Ein armer jüdischer Lehrer im russischen Schtetl wird von Jehova unermesslich versucht und belohnt: Joseph Roths „Hiob“ bewegt unter herausfordernden Umständen bei den Festspielen Reichenau.
Feindseliger kann das Verhängnis einer Premiere nicht begegnen: Während der Generalprobe am Vorabend brach sich der betagte Wolfgang Hübsch auf offener Szene die Schulter. Die Beteiligten verbrachten die Nacht damit, die fünf ihm zugedachten Rollen auf das Ensemble aufzuteilen.
Am Ende wechselten sogar die Regisseurin Alexandra Liedtke und der wunderbare Violinvirtuose Aljoscha Biz das Fach, und der Protagonist Joseph Lorenz führte Dialog mit sich selbst (Günter Franzmeier übernimmt ab sofort). All das in einer Aufführung, die auf leerer Bühne einzig der Magie des Textes und der inspirierten Präzision der Schauspieler vertraut. Das Verfahren bewährt sich auch unter den herausfordernden Umständen glanzvoll.
Roths russischer Hiob wurde zuvor kaum überzeugend für die Bühne bearbeitet. Die Regisseurin meistert die Aufgabe mit Glanz, indem sie sich für lange Prosapassagen Zeit nimmt und bis auf einige klug eingearbeitete Briefe Roths auf Fremdtexte verzichtet.

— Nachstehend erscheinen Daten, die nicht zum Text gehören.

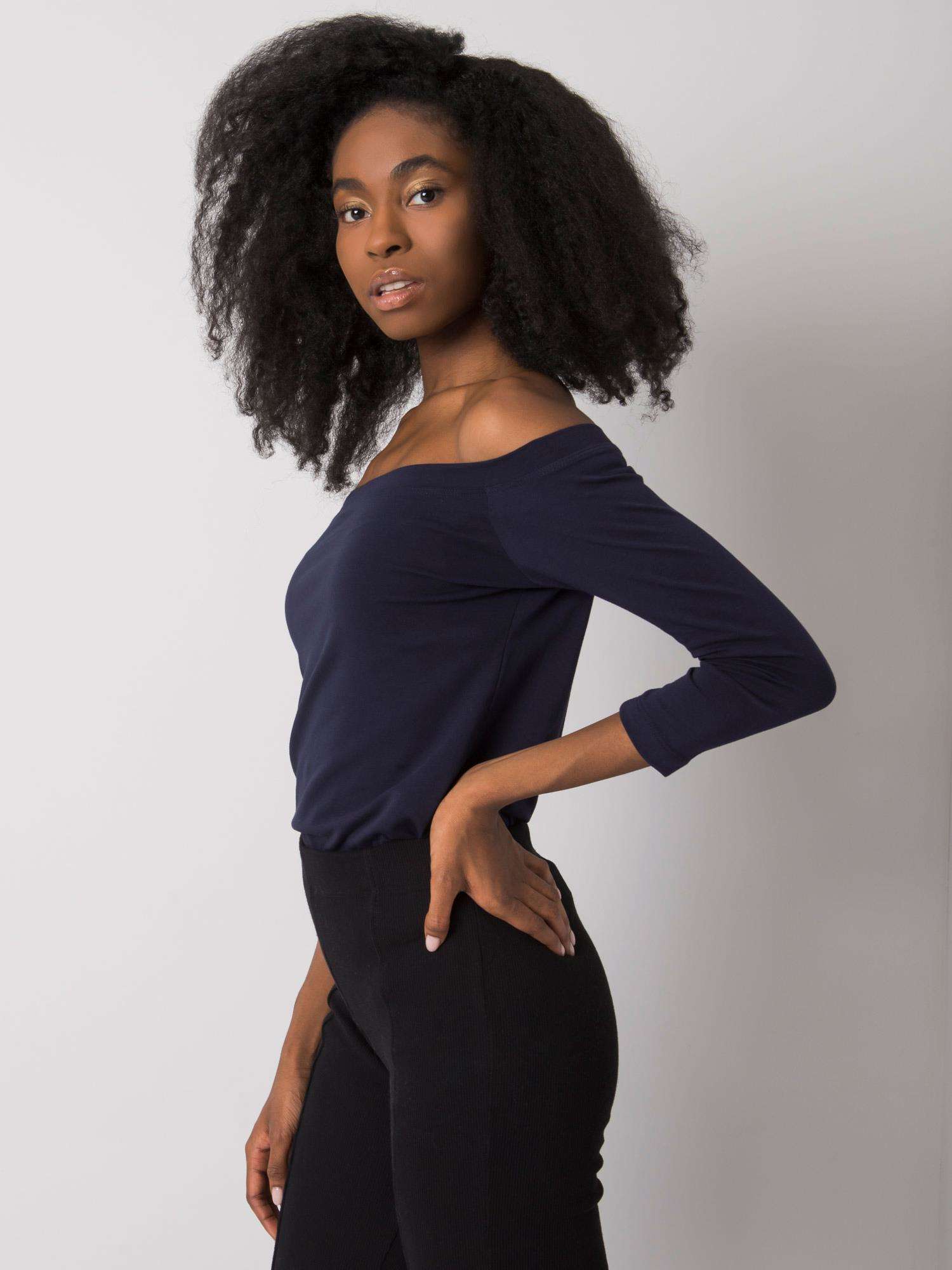 Granatowa bluzka z odsłoniętymi ramionami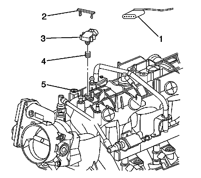 4. Remove the MAP sensor (3) and seal (4) from the intake manifold (5).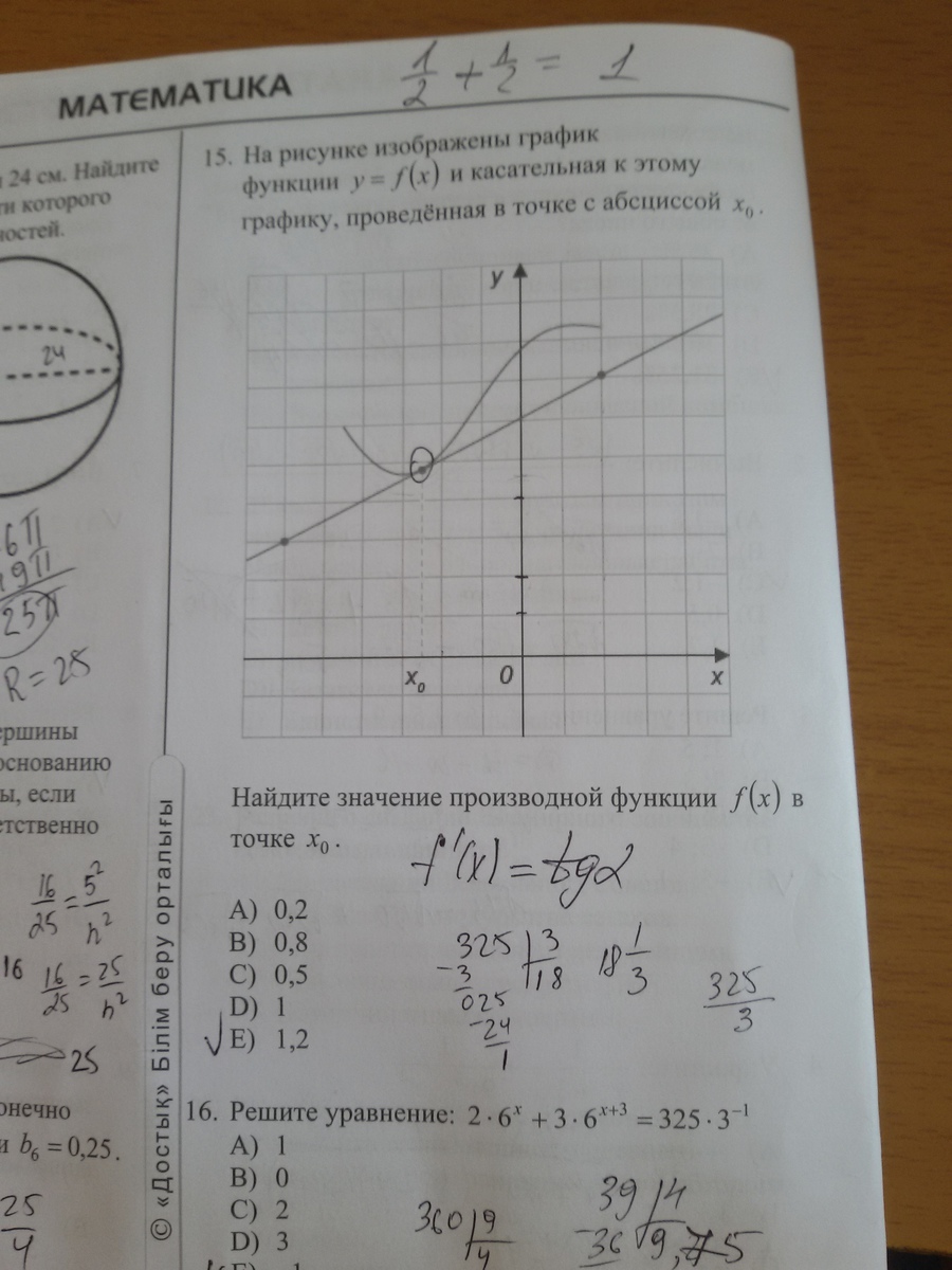 Значение производной f(x) в точке х₀ - это коэффициент к.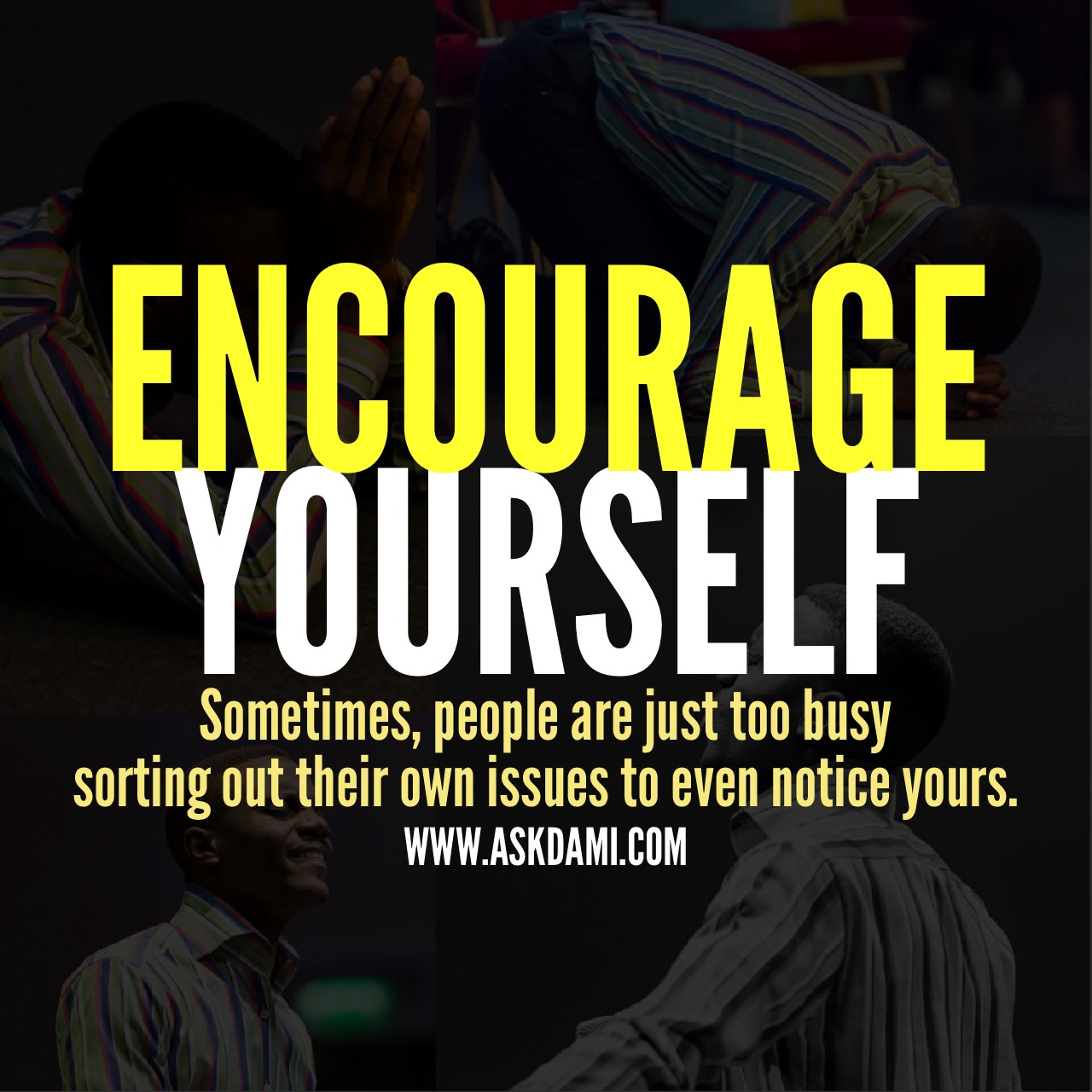 Most times, no one else can fully and truly grasp the intensity of the pain you feel when you are going through trying times and stressful seasons. Even your best friends may struggle to appreciate the real weight of the burden you bear but you owe it to yourself to encourage yourself and

Alles liegt auf den Schultern der Schauspieler. Lorenz ist ein heute fast schon konkurrenzloser Virtuose der Textbehandlung. Er investiert diese Fertigkeit allerdings nicht in eitles Pirouettendrehen, sondern in eine jüdische Schmerzensgestalt, die in ihrer Größe und Klarheit wie ein Mahnmal gegen den hochkochenden antisemitischen Wahnsinn steht. Julia Stemberger als zweite Protagonistin, Katharina Lorenz, Alex Kapl und Gregor Schulz formieren ein Ensemble hoch motivierter Könner, das durch keine Schicksalszumutungen zu beeindrucken ist.